Energy Efficiency, GHG Emissions, Sourcing Renewables - January 30, 2021
Weekend reads: BlackRock CEO urges corporate focus on ESG; Decarbonizing Europe's buildings
It's the weekend! Kick back and catch up with these must-read articles from around the web.
The top 5 takeaways from BlackRock head Larry Fink’s 2021 letter to CEOs (Fast Company) It has become an annual tradition. For years now, investment management company BlackRock’s CEO Larry Fink writes a letter an annual letter, aimed at other business leaders that is eagerly anticipated by investors, companies—and increasingly—the global sustainability movement. Having worked in sustainability for more than 30 years, it’s an odd experience to hang on every word of one of the world’s top capitalists. But BlackRock has nearly $9 trillion under management, so its decisions have important implications for the markets, and for the companies in which it owns stock. And Fink’s letters have been pushing sustainability for several years. This year’s letter—when paired with political shifts in Europe and the U.S.—will have an outsized impact. If demands from shareholders like BlackRock aren’t enough to move companies to improve on ESG (Environmental, Social and Governance) concerns, then the regulators will.
Minnesota governor accelerates state's carbon-free power target 10 years, to 2040 (Utility Dive) Minnesota Gov. Tim Walz, D, on Thursday proposed a series of policies that would bring the state to 100% carbon-free electricity by 2040, a decade earlier than the goal he proposed in 2019. His proposed policy goals follow a report from the Minnesota Pollution Control Agency issued earlier this month, finding the state is not on track to meet its previous goals of reducing economy-wide greenhouse gas emissions 30% below 2005 levels by 2025, and 80% by 2050. Overall, greenhouse gas emissions have declined 8% since 2005, according to the agency's latest data, which measures emissions through 2018.

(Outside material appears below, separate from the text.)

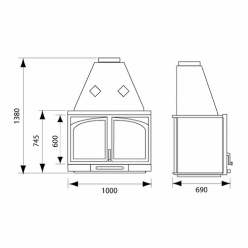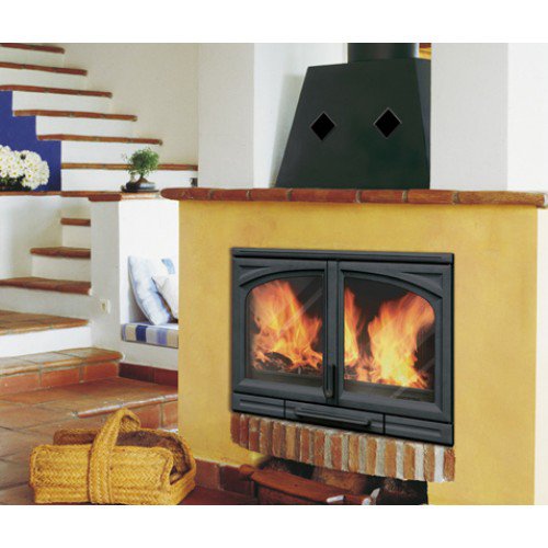 Оснащена оригинальными распашными дверцами с огнеупорным керамическим стеклом.

Transmission week: why we need more big power lines (Volts) Hello, Volties, and welcome to Transmission Week here at Volts! It’s been delayed almost as many times as Infrastructure Week, but it’s finally here. All week, we’re going to be digging into the US energy transmission system. For those of you new to the subject, “transmission system” refers to the big, high-voltage power lines that carry electricity over long distances, usually perched along tall metal towers. To use a road analogy, transmission lines are like the interstate system, whereas lower-voltage “distribution systems” are like the nests of highways and streets that serve local populations. I’ve always been fascinated by distribution systems, but I’ve never really taken a deep dive into the transmission side of things. Until now!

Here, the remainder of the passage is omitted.